Figure 2. Pacing-induced changes of electrical dyssynchrony in dogs and patients

A) Change of total ventricular activation time (LV+RV free walls+septum in dogs; LV+RV free walls in patients). B) Change of LV activation time (LV free wall+septum in dogs; only LV free wall in patients). * p<0.05 versus baseline.

Figure 3. Simulated local myofiber mechanics in a failing heart during LBBB and pacing

Time courses of natural myofiber strain are plotted in black. Red asterisks indicate pacing sites. Vertical dashed lines indicate moment of mitral valve closure and LV ejection is highlighted in grey. Black circles indicate onset of systolic shortening. Relations between myofiber stress and myofiber strain are plotted in blue. Black arrows indicate segments with a clockwise stress-strain relation, indicating negative myofiber work. Color maps indicate myofiber work per ventricular wall segment.

Figure 4. Distribution of ventricular myofiber work during LBBB and pacing

Total ventricular myofiber work generated per cardiac cycle; percentages indicate the relative contributions of the LV and RV myocardium. LV myocardium includes the interventricular septum and the LV free wall.
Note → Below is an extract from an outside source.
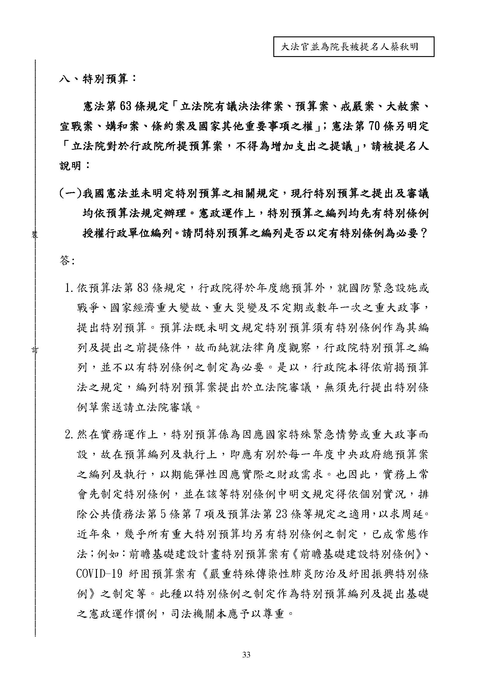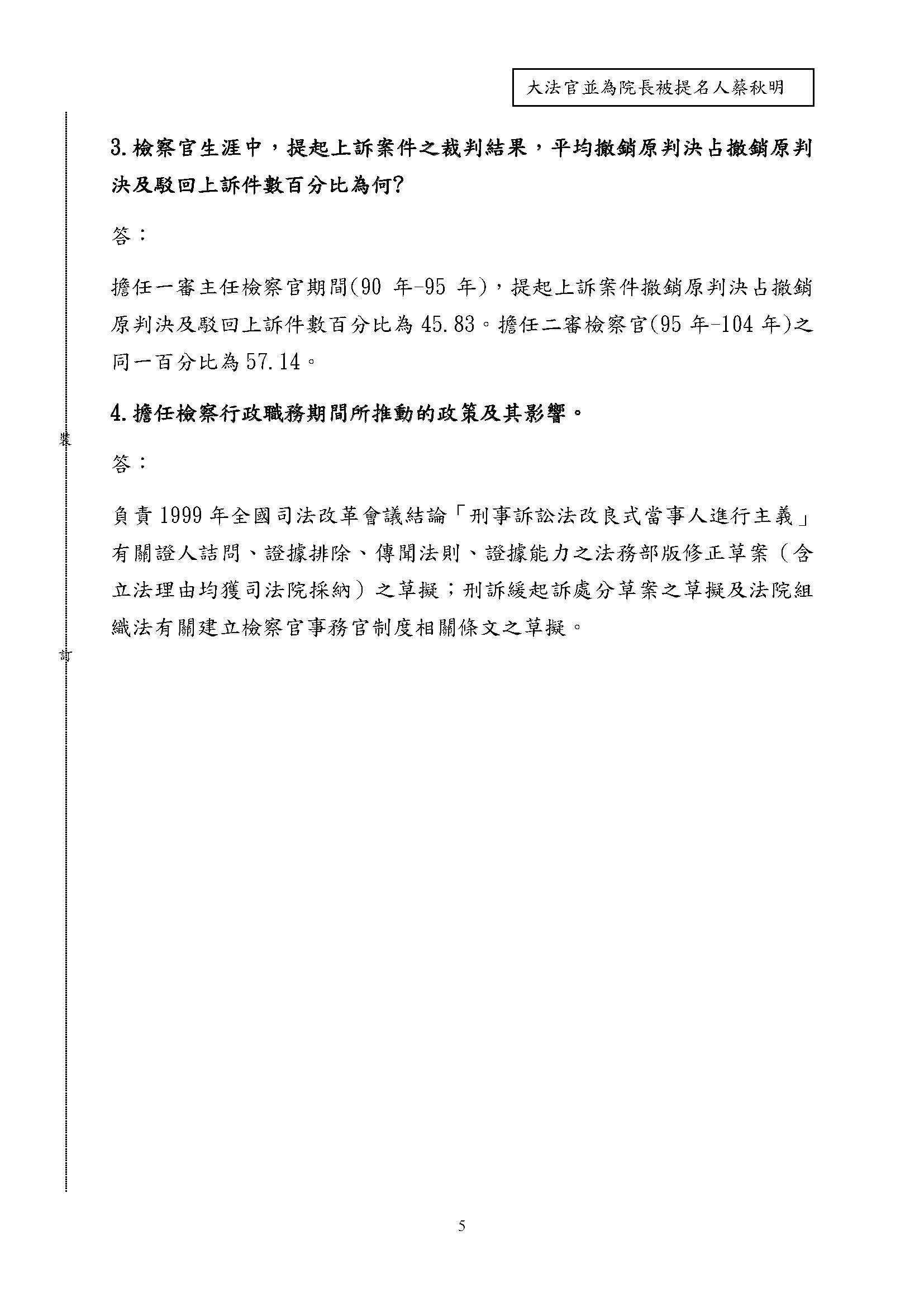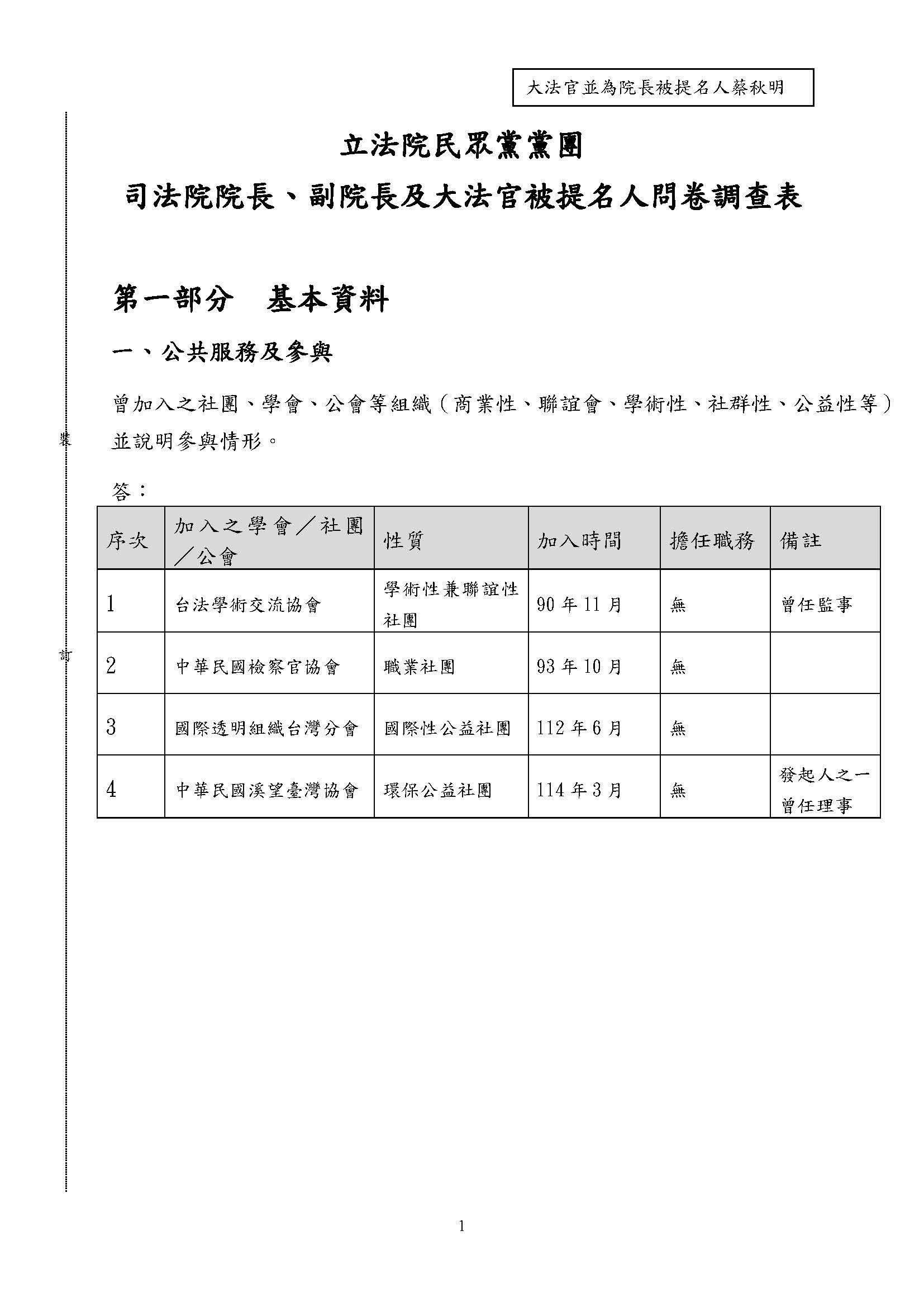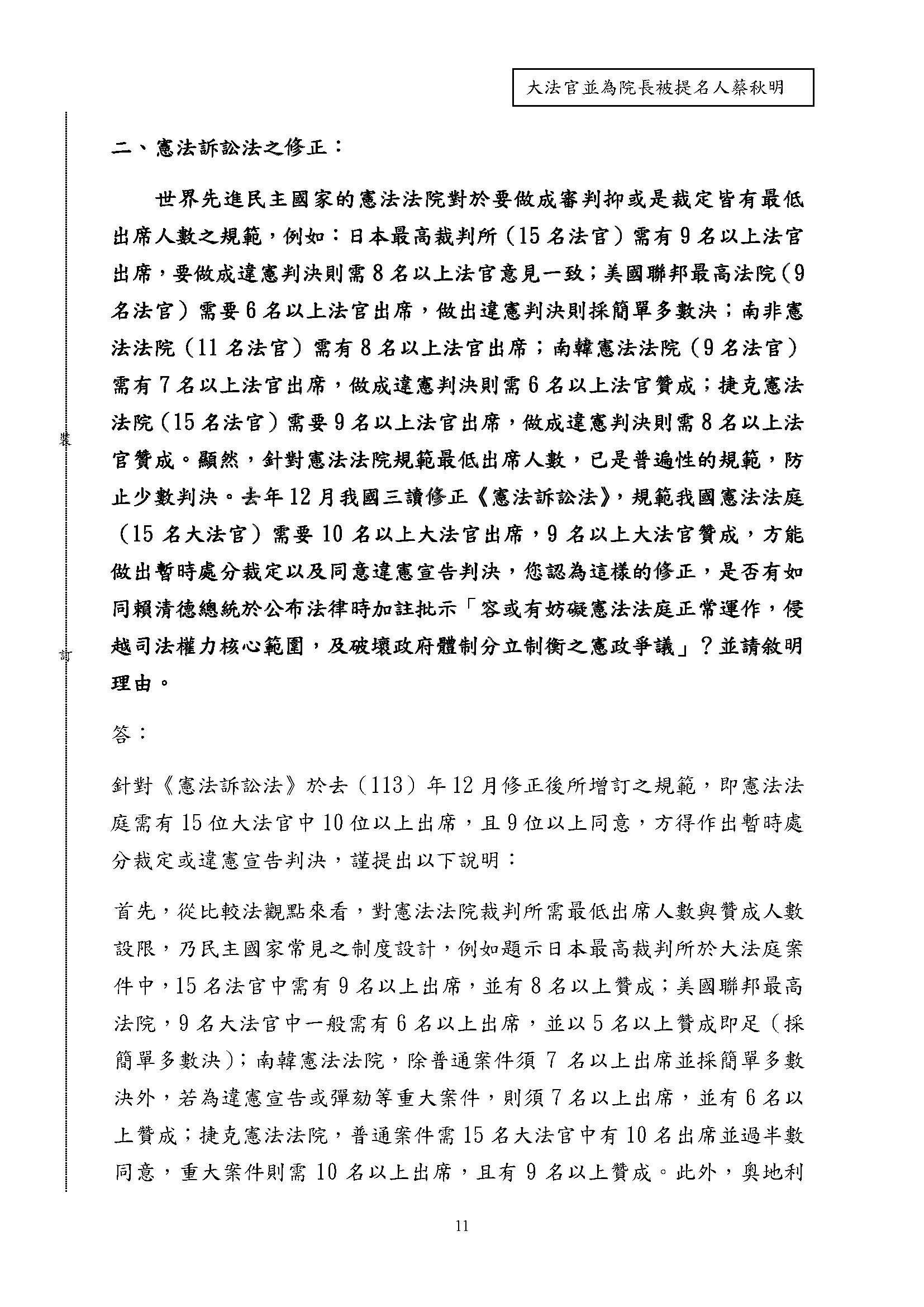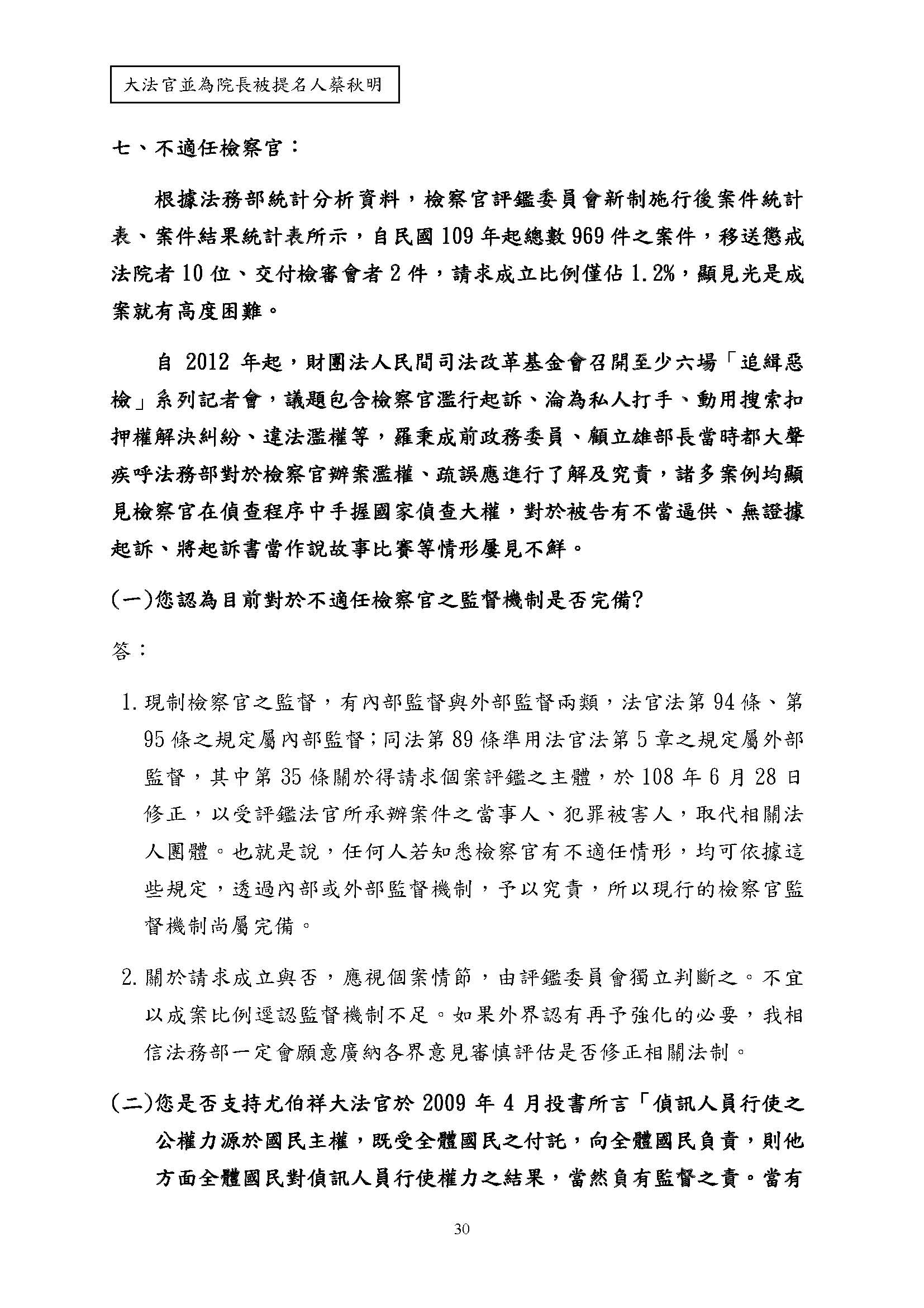 一、司法院大法官並為院長被提名人蔡秋明書面資料:

Figure 5. Relationship between ventricular myofiber work and LV systolic function during pacing

Total ventricular myofiber work (left), LV myofiber work (middle), and RV myofiber work (right) per cardiac cycle versus LVdP/dt_max in 25 LVP simulations (circles) and 25 BiVP simulations (squares). The left panel indicates that total ventricular myofiber work increased linearly with LVdP/dt_max and that this linear relationship was virtually independent of the pacing mode. The middle and right panel show that LVP and BiVP behaved differently when considering LV and RV myofiber work separately. For both pacing modes, five clusters of simulations can be discriminated by their color, indicating total ventricular activation time (AT_TOT) that ranged from 54 to 162 ms for LVP and from 24 to 72 ms for BiVP. Each cluster (e.g. dashed circle) consists of five simulations with the same AT_TOT, but with different AV delays (60/80/100/120/140 ms).